## WHAT IS EXPECTED
Text only, exactly as given: reproduce the entries below without their pictures.

DATA SHOWN below:

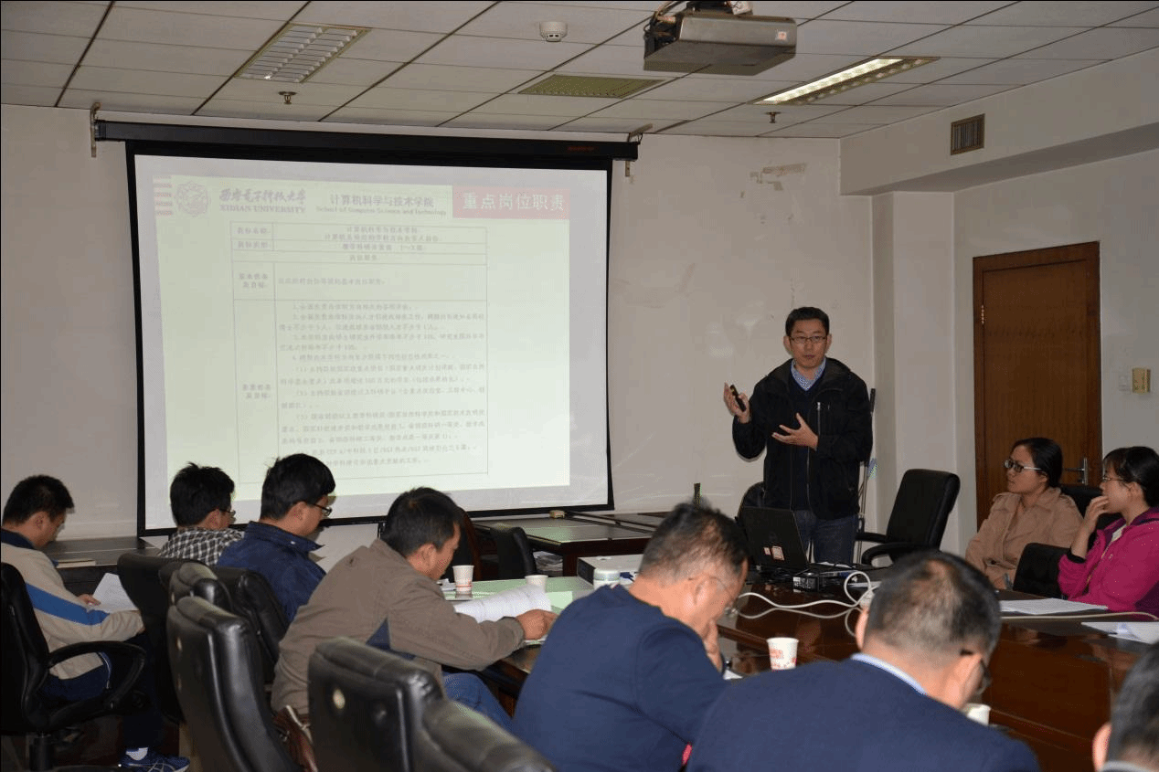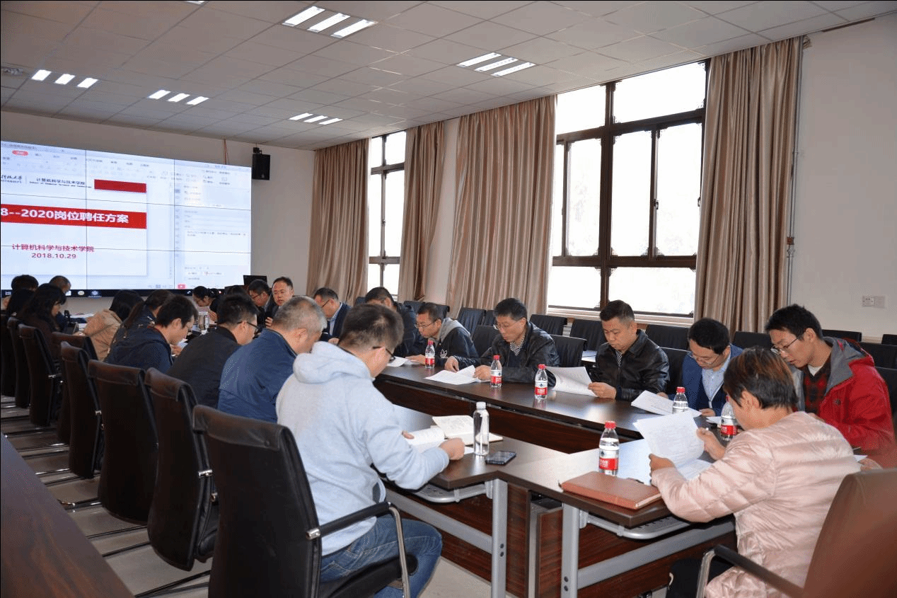 10月31至11月1日,计算机科学与技术学院学院领导深入到计算机工程系、软件工程系、计算机科学系、网络工程系和实践教学中心等5个基层单位进行2018~2020年岗位聘任方案宣讲,就学校第二轮岗位聘任学院实施方案与广大教师进行深入研讨交流。学院党委书记李青山、执行院长崔江涛、副院长赵韩强、院办主任向麟海组成宣讲团代表学院参加会议,会议由学院党委书记李青山主持。
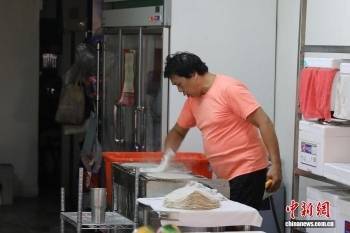 4月1日,台北吴兴街市场内,“阿弘润饼卷”店的老板陈和锦制作润饼饼皮。中新社记者 刘大炜 摄
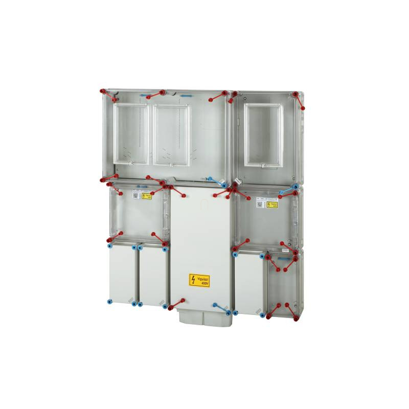 Hensel HB333KF-U fogyasztásmérő szekrény, 1 vagy 3 fázisú általános és vezérelt és H-tarifás méréshez, földkábeles csatlakozás 80A mindennapszaki és 32A vezérelt és 63A H-tarifa
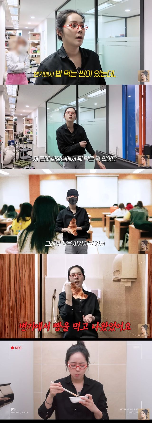 한가인은 "첫째 딸 임신했을 때 영어 학원을 다니고 있었다. 속이 비면 입덧이 있다. 되게 사람이 많은 영어학원이어서 마스크랑 모자를 벗고 먹을 수 없겠더라. 빵을 싸 가서 화장실 가는 척하고 변기에서 빵을 먹고 나왔다"고 고백했다.
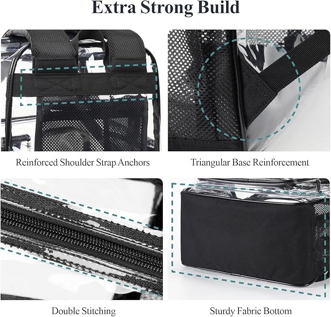 - Stylish & versatile: Leather trim adds a trendy touch to this transparent backpack. Works as a unisex clear bookbag for school, work, or weekend trips. Holds all essentials without extra bulk.
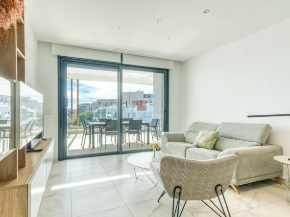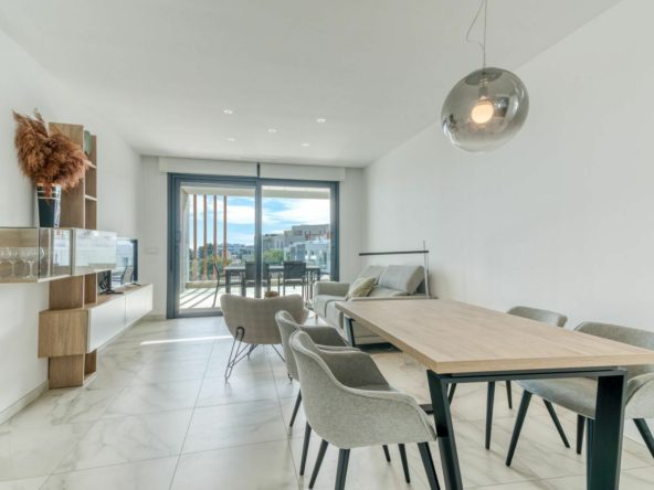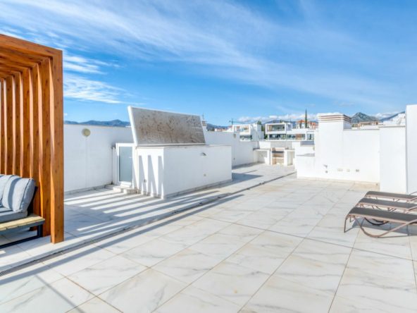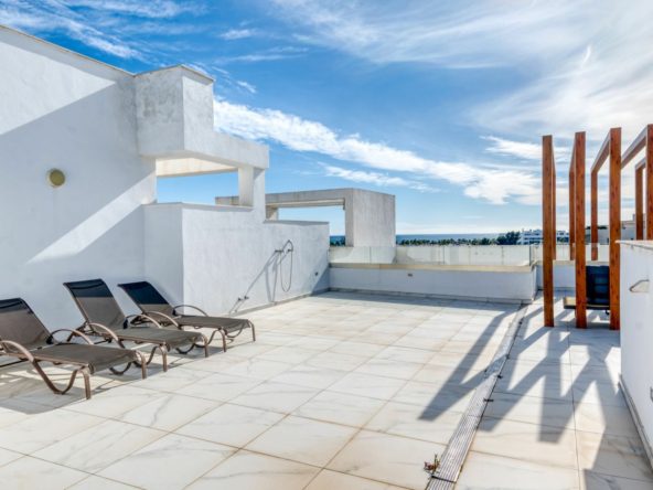 Beautifully maintained and set in an exclusive gated community along Estepona's sought-after New Golden Mile, this penthouse apartment is just 500m from local amenities and a short walk to the beach. Positioned in one of the best spots within the community, the property enjoys fantastic views across the manicured tropical gardens, swimming pool, mountains, and the sea beyond. It’s a calm, elegant space designed for effortless coastal living. Inside, the apartment offers a bright open-plan layout with a sleek American-style kitchen, premium appliances, and underfloor heating in the bathrooms. The spacious living area flows onto a large private terrace perfect for dining outdoors or soaking up the Mediterranean sun. Both bedrooms are generous and filled with natural light, and the master suite opens directly onto the terrace, featuring an en-suite bathroom, while the second bedroom is ideal for guests or family, with a full second bathroom adjacent. A solarium of over 100m2 offers panoramic views ideal for outdoor dining and entertaining.

End of DATA SHOWN.

## YOUR RESPONSE
 10月31至11月1日,计算机科学与技术学院学院领导深入到计算机工程系、软件工程系、计算机科学系、网络工程系和实践教学中心等5个基层单位进行2018~2020年岗位聘任方案宣讲,就学校第二轮岗位聘任学院实施方案与广大教师进行深入研讨交流。学院党委书记李青山、执行院长崔江涛、副院长赵韩强、院办主任向麟海组成宣讲团代表学院参加会议,会议由学院党委书记李青山主持。
 4月1日,台北吴兴街市场内,“阿弘润饼卷”店的老板陈和锦制作润饼饼皮。中新社记者 刘大炜 摄
 Hensel HB333KF-U fogyasztásmérő szekrény, 1 vagy 3 fázisú általános és vezérelt és H-tarifás méréshez, földkábeles csatlakozás 80A mindennapszaki és 32A vezérelt és 63A H-tarifa
 한가인은 "첫째 딸 임신했을 때 영어 학원을 다니고 있었다. 속이 비면 입덧이 있다. 되게 사람이 많은 영어학원이어서 마스크랑 모자를 벗고 먹을 수 없겠더라. 빵을 싸 가서 화장실 가는 척하고 변기에서 빵을 먹고 나왔다"고 고백했다.
 - Stylish & versatile: Leather trim adds a trendy touch to this transparent backpack. Works as a unisex clear bookbag for school, work, or weekend trips. Holds all essentials without extra bulk.
 Beautifully maintained and set in an exclusive gated community along Estepona's sought-after New Golden Mile, this penthouse apartment is just 500m from local amenities and a short walk to the beach. Positioned in one of the best spots within the community, the property enjoys fantastic views across the manicured tropical gardens, swimming pool, mountains, and the sea beyond. It’s a calm, elegant space designed for effortless coastal living. Inside, the apartment offers a bright open-plan layout with a sleek American-style kitchen, premium appliances, and underfloor heating in the bathrooms. The spacious living area flows onto a large private terrace perfect for dining outdoors or soaking up the Mediterranean sun. Both bedrooms are generous and filled with natural light, and the master suite opens directly onto the terrace, featuring an en-suite bathroom, while the second bedroom is ideal for guests or family, with a full second bathroom adjacent. A solarium of over 100m2 offers panoramic views ideal for outdoor dining and entertaining.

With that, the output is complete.